Lawsuits shifting mental health care
Also, McBain said, several previous and ongoing lawsuits are driving some shifts in mental health care. Momentum is growing for standardized assessments of which mental and behavioral health services are appropriate and how to pay for them.
“A federal judge in California said, ‘You must re-process 50,000 medical claims for psychiatric and behavioral care,’” McBain said, referring to the results of a 2018 class-action lawsuit, initially filed on behalf of a woman with PTSD. United Healthcare, her insurer, had reduced by 35% the amount it would pay for the out-of-network psychotherapist who provided her care.
The most recent amendments to that case, Smith vs. United Healthcare, were made in May 2021. “It’s a big deal,” McBain added, “because it sets a precedent for many health systems: “Geez, if I can get sued?”… Suddenly the financial incentives [for reform] look quite different.”
Thus far, in recent years, similar lawsuits have been filed in at least 23 states, according to McBain’s spreadsheet tracking those court proceedings.
Those sued states include Mississippi, where recently filed state legislation, if approved, would order mental health practitioners to assess patient needs through “level of care utilization system” (LOCUS) measures. LOCUS is a tool that aims to funnel patients into more precise, best outcomes-driven care than tends to be extended to patients in Mississippi, where a disproportionate tally of the low-income Medicaid recipients wind up, for example, in costlier state-run psychiatric hospitals, rather than community-based endeavors considered a better, cheaper model of care.

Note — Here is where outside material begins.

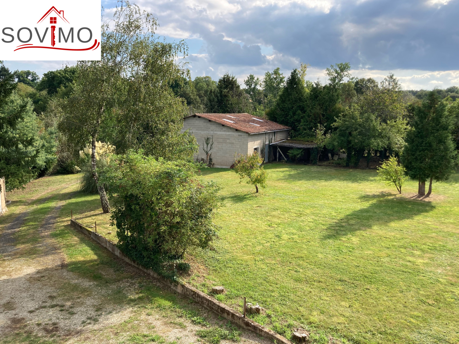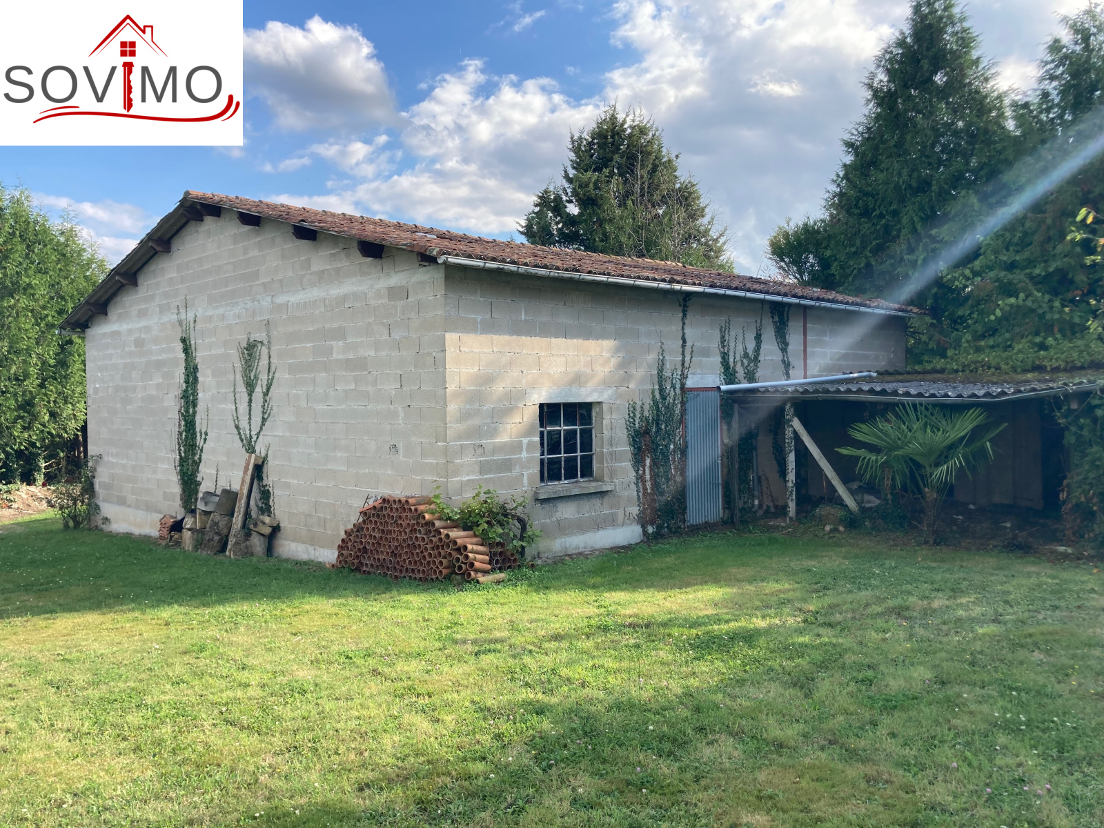 garage indépendant de 134 m2 en parpaing/fibro-ciment, toiture tuile avec grenier au dessus, petits toits, terrasse, puits

“It hasn’t passed,” McBain said of that pending Mississippi legislation. “But it’s a sign that a state we’ve considered to be more free-market friendly and conservative, with a different outlook on what the role of government should be … also recognizes the need for major reforms,” he said. “It’s exciting to think about what’s possible.”
Story ideas to explore
- Approximately 75% of U.S. counties have no child psychiatrists, according to McBain. Some states have allowed psychiatric nurse practitioners serving those children to also prescribe their medications. Similarly, a handful of states all own psychologists, who have Ph.D.’s, not medical degrees, to prescribe drugs for mental illness
- Whether or not as part of officially implemented classroom curricula, schools are increasingly working to raise student awareness of mental health problems and, in that way, hoping to reduce stigma.
- Peer counselors are embedded in some jail- and prison-reentry programs —many of them run by nonprofits — serving the disproportionate number of pre-trial and convicted persons with mental illness who are returning to the community.
Additional resources for journalists
- This 2009 Health Affairs article, “Setting Hospital Rates to Control Cost and Quality: The Maryland Experience,” on how Maryland’s all-payer system, which caps payments to public and private hospitals, provides some context for how and why Sheppard Pratt’s mental health care services don’t run a deficit.
- “Community Health Worker Training Curricula and Intervention Outcomes in African American and Latinx Communities: A Systematic Review”, from an October 2020 edition of the Health Education & Behavior.
- The Utah Health Department’s Driving Improvements in Utah’s Health Outcomes: the community health worker solution examines those workers’ impact on rates of depression but also diabetes, hypertension and other co-morbidities that are disproportionately diagnosed in patients with mental illness.